Dystrophin and calcium current are decreased in cardiomyocytes expressing Cre enzyme driven by αMHC but not TNT promoter

The Cre/lox system is a potent technology to control gene expression in mouse tissues. However, cardiac-specific Cre recombinase expression alone can lead to cardiac alterations when no loxP sites are present, which is not well understood. Many loxP-like sites have been identified in the mouse genome that might be Cre sensitive. One of them is located in the Dmd gene encoding dystrophin, a protein important for the function and stabilization of voltage-gated calcium (Ca v 1.2) and sodium (Na v 1.5) channels, respectively. Here, we investigate whether Cre affects dystrophin expression and function in hearts without loxP sites in the genome. In mice expressing Cre under the alpha-myosin heavy chain (MHC-Cre) or Troponin T (TNT-Cre) promoter, we investigated dystrophin expression, Na v 1.5 expression, and Ca v 1.2 function. Compared to age-matched MHC-Cre − mice, dystrophin protein level was significantly decreased in hearts from MHC-Cre + mice of more than 12-weeks-old. Quantitative RT-PCR revealed decreased mRNA levels of Dmd gene.
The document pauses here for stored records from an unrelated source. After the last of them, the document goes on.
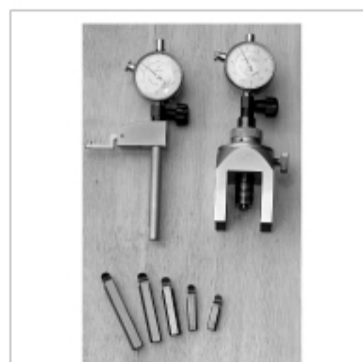
measuring device & boring cutters
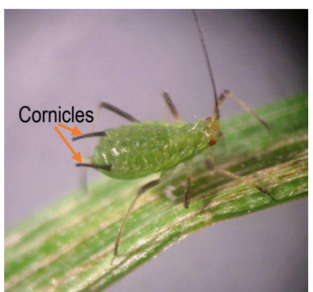
Figure 1. English grain aphid

In Manitoba, the English grain aphid ( Sitobion avenae ) and the oat-birdcherry aphid ( Rhopalosiphum padi ) can commonly be found on cereal grains, and the greenbug ( Schizaphis graminum ) occurs sporadically. The corn leaf aphid ( Rhopalosiphum maidis ) may at times be present on corn or small grain cereals. None of these aphids are known to overwinter in Manitoba; they move up from the South in late spring. Other less numerous species of aphids are also found on cereals in Manitoba. The term cereal aphid is sometimes used as a generic term to describe the complex of aphids commonly found on cereal crops.
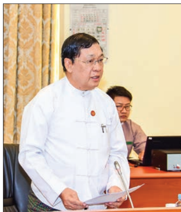
Union Minister U Thein Swe.
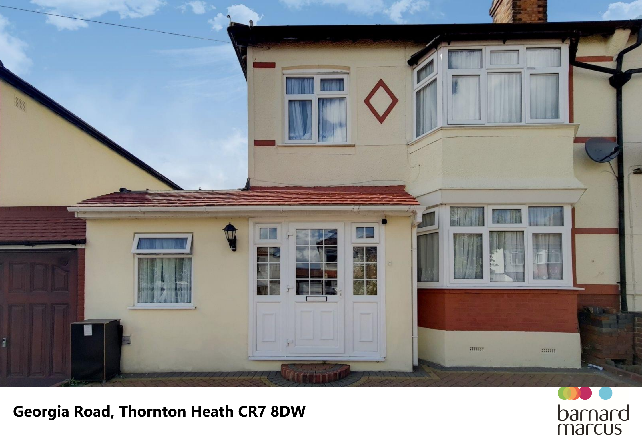
Georgia Road, Thornton Heath CR7 8DW
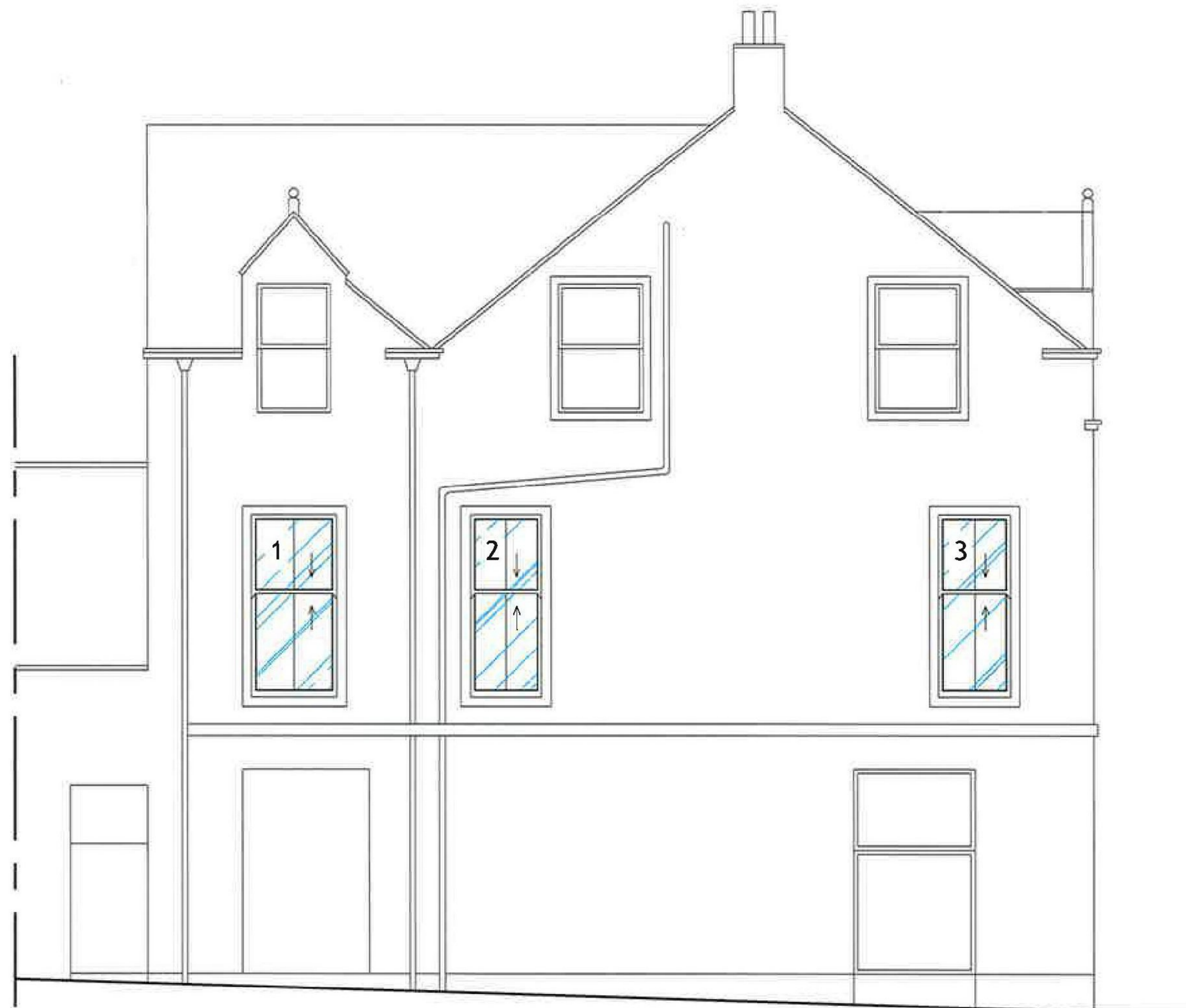
Proposed Elevation Scale 1:100
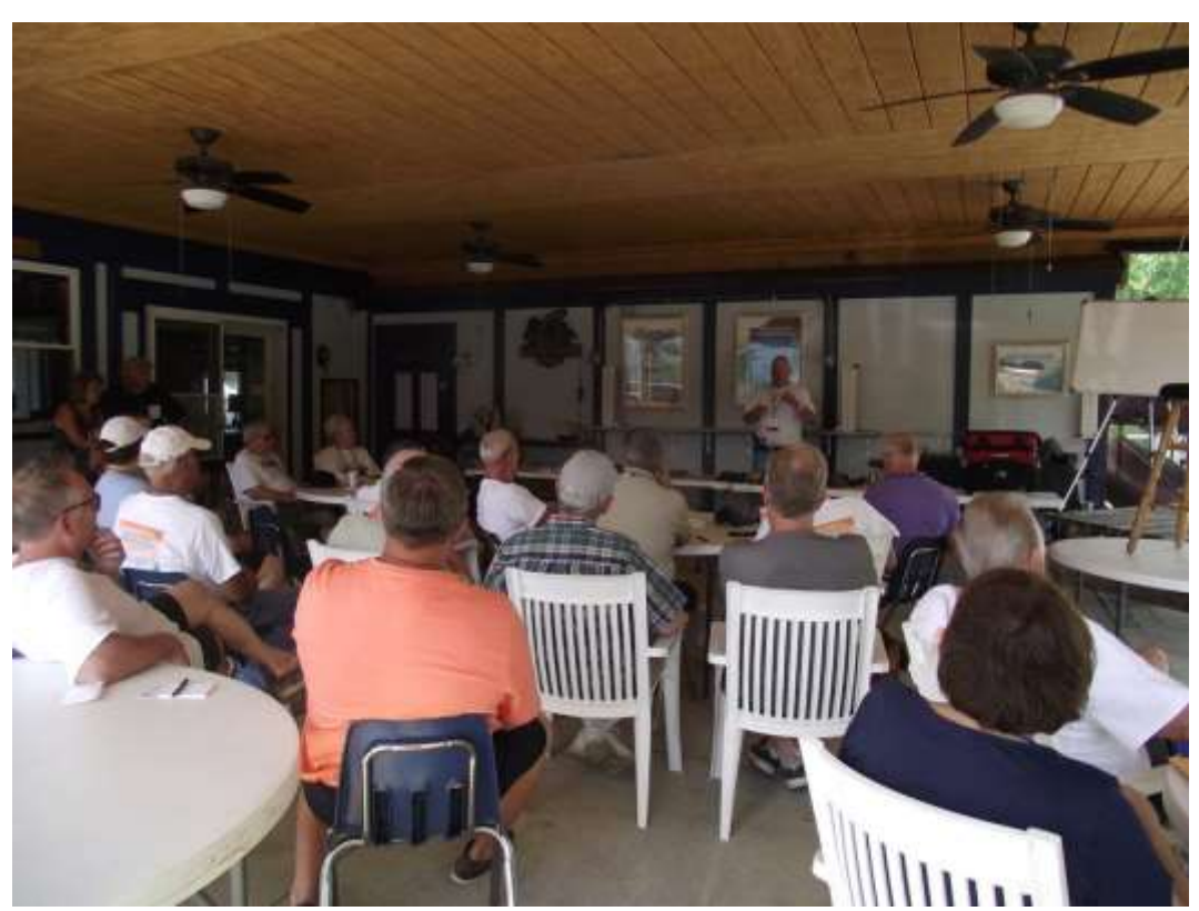
Over 30 people attended the Technical seminar
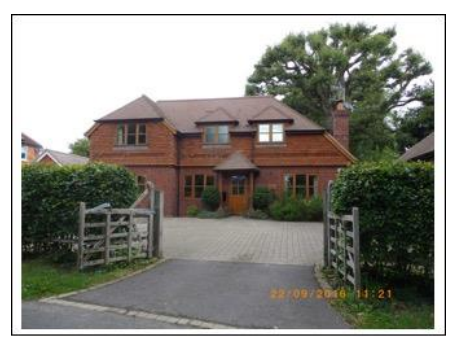
Clements Cottage, Rickmans Lane (c.2000)

To the west Nell Ball housing estate is typical 1950' and 60's local authority housing providing good, simple design of brick and pitched concrete interlocking roof tiles but rather out of character to the older village vernacular. Oakfield, a speculative build in 1970's similarly does not reflect the characteristics of the village, but is predominantly brick, with plain concrete tile but has no design features to relate it to the core of the village. Ashfield_makes a greater attempt at a more interesting design but again fails to reflect the older vernacular or to use plain tiles to the roof structures.
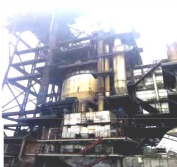
Fig.1.1: JSW Coke ovens of CDQ3&4

As far the requirements, the Jindal Steel Work Ltd. (J.S.W) has four numbers of coke dry quenching units (CDQ), and the coke dry quenching in JSW it is more advanced, it is possessing reliable technology to obtain metallurgical coke.
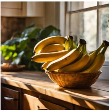
BANANAS BANANY BANANAS BANANE
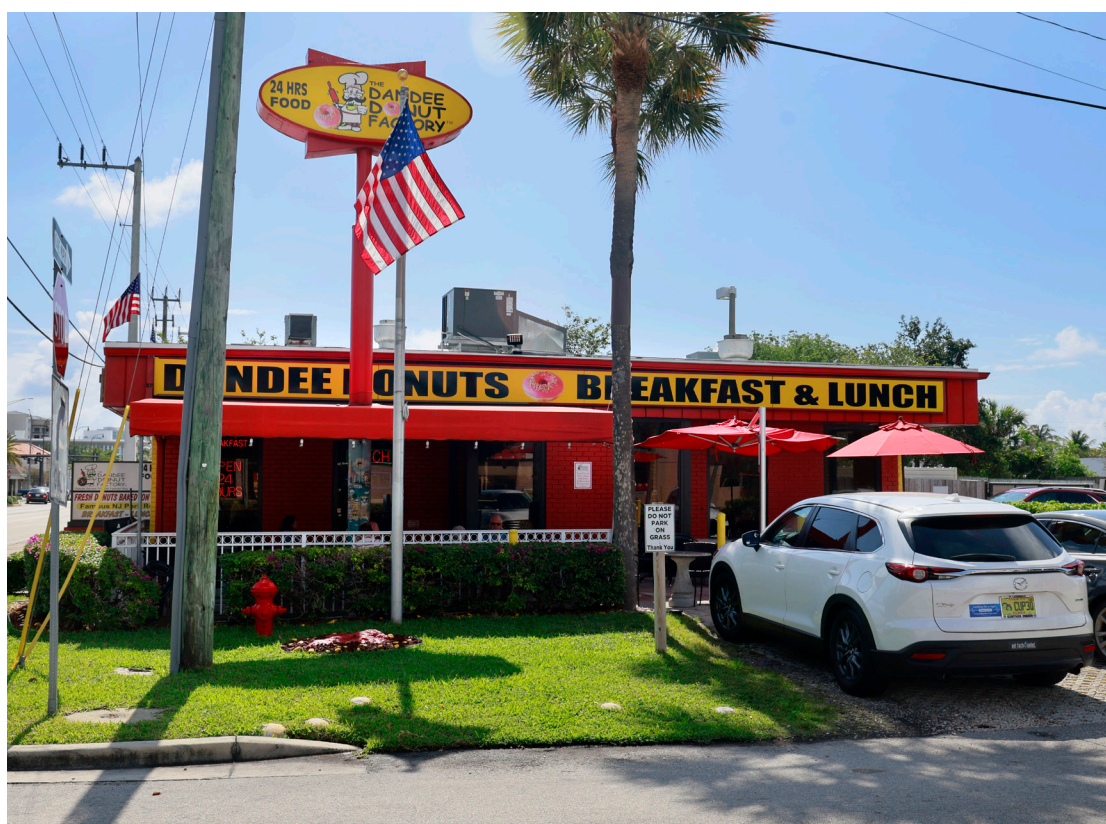
The original Dandee Donut Factory location in Pompano Beach. The Dandee Donut Factory has three South Florida locations: Pompano Beach, Deerfield Beach and Margate. It was voted as Best Donuts in our Best of South Florida Dining series.

Unexpectedly, calcium current ( I CaL ), but not Na v 1.5 protein expression was altered in those mice. Surprisingly, in hearts from 12-week-old and older TNT-Cre + mice, neither I CaL nor dystrophin and Na v 1.5 protein content were altered compared to TNT-Cre − . Cre recombinase unpredictably affects cardiac phenotype, and Cre-expressing mouse models should be carefully investigated before experimental use.